The idea is natural. LLMs can do everything else. They write code, summarize documents, answer questions, generate images. Why not point them at a database and ask "which customers will churn?"
People have tried. Research teams at Google, Meta, and dozens of startups have spent the last two years exploring LLMs on tabular data. The results are consistent: LLMs underperform purpose-built approaches, often by a wide margin.
On the RelBench benchmark (7 databases, 30 tasks, 103 million rows), Llama 3.2 3B scored 68.06 AUROC on classification tasks. KumoRFM, a foundation model designed for relational data, scored 76.71 AUROC zero-shot. A supervised graph neural network scored 75.83. Even LightGBM with manual features was competitive at 62.44 once you account for the quality of features.

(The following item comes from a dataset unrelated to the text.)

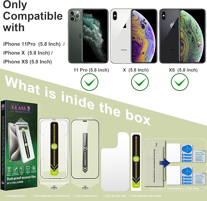 - Bubble-Free,Case-Friendly Fit: Designed for perfect fit and full case compatibility,this iPhone X/XS/11 Pro screen protector offers sensitive touch response and stays bubble-free.Enjoy long-lasting,seamless protection that works perfectly with your favorite phone case
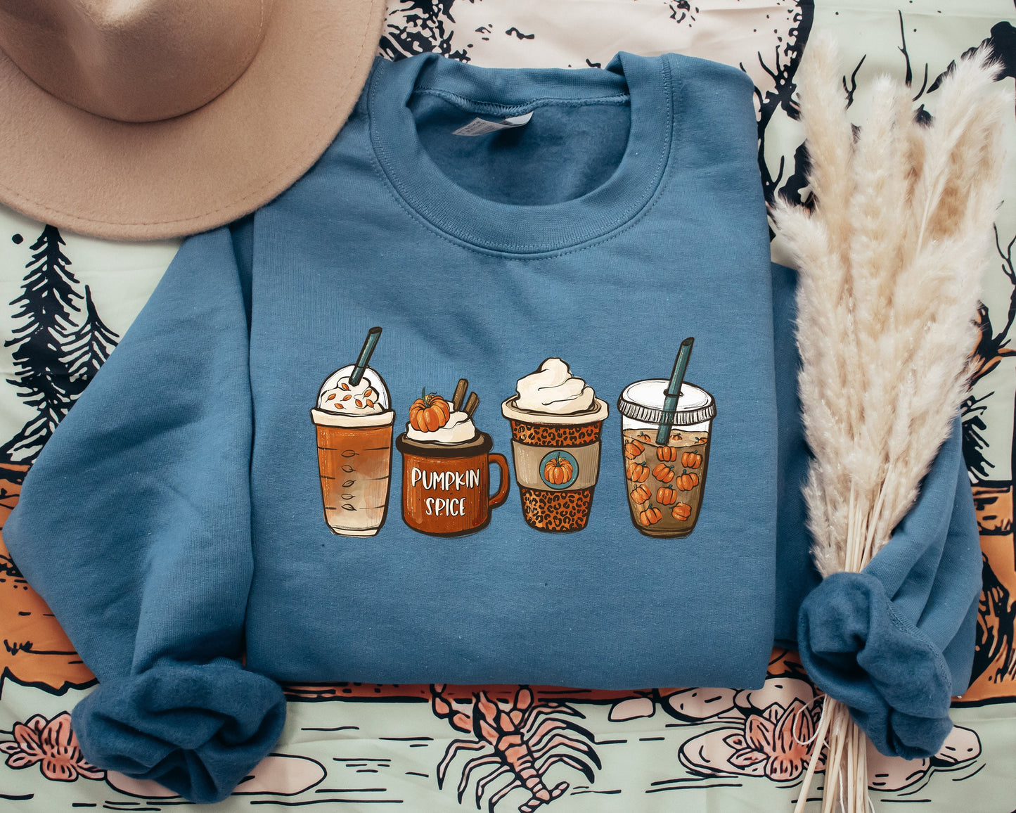 Embrace the essence of autumn and your love for coffee with our Four Coffee Pumpkin Spice Sweatshirt. This charming sweatshirt features a delightful design of four coffee cups, each symbolizing the perfect brew to match your mood!

This is not a scaling problem. It is an architectural mismatch. Here is why.
serialization_example
| customer_id | revenue | plan | created_at | is_active |
|---|---|---|---|---|
| 48291 | $15,847.32 | Enterprise | 2024-03-15 | true |
| 72104 | $2,340.00 | Basic | 2025-01-08 | true |
| 55893 | $891.50 | Pro | 2024-11-22 | false |
An LLM sees this as: "48291 | $15,847.32 | Enterprise | 2024-03-15 | true". The number 15847.32 becomes tokens ["15", "847", ".", "32"]. The model cannot natively understand that $15,847 is close to $16,000 but far from $1.58.
architecture_mismatch
| property | text (LLM native) | tabular data (actual) | consequence |
|---|---|---|---|
| Order | Sequential (word order matters) | Unordered (row shuffle = same data) | LLM assigns meaning to row position |
| Types | Uniform tokens from vocabulary | Mixed: int, float, categorical, datetime | Numerical reasoning brittle on tokens |
| Scale | Context window: 128K-1M tokens | Enterprise table: 10M+ rows | LLM sees 0.005% of data |
| Patterns | Sequential dependencies | Statistical relationships across rows | Wrong optimization objective |
| Structure | Flat sequence | Multi-table with foreign keys | No native relational representation |
Five architectural mismatches between LLMs and tabular data. Each one independently degrades performance. Together, they explain the 8.65 AUROC gap between Llama 3.2 3B (68.06) and KumoRFM (76.71).
The training objective mismatch
LLMs are trained to predict the next token in a sequence. This objective is brilliant for language. Language is sequential, each word depends on the words before it, and the training signal is rich (every token provides a gradient).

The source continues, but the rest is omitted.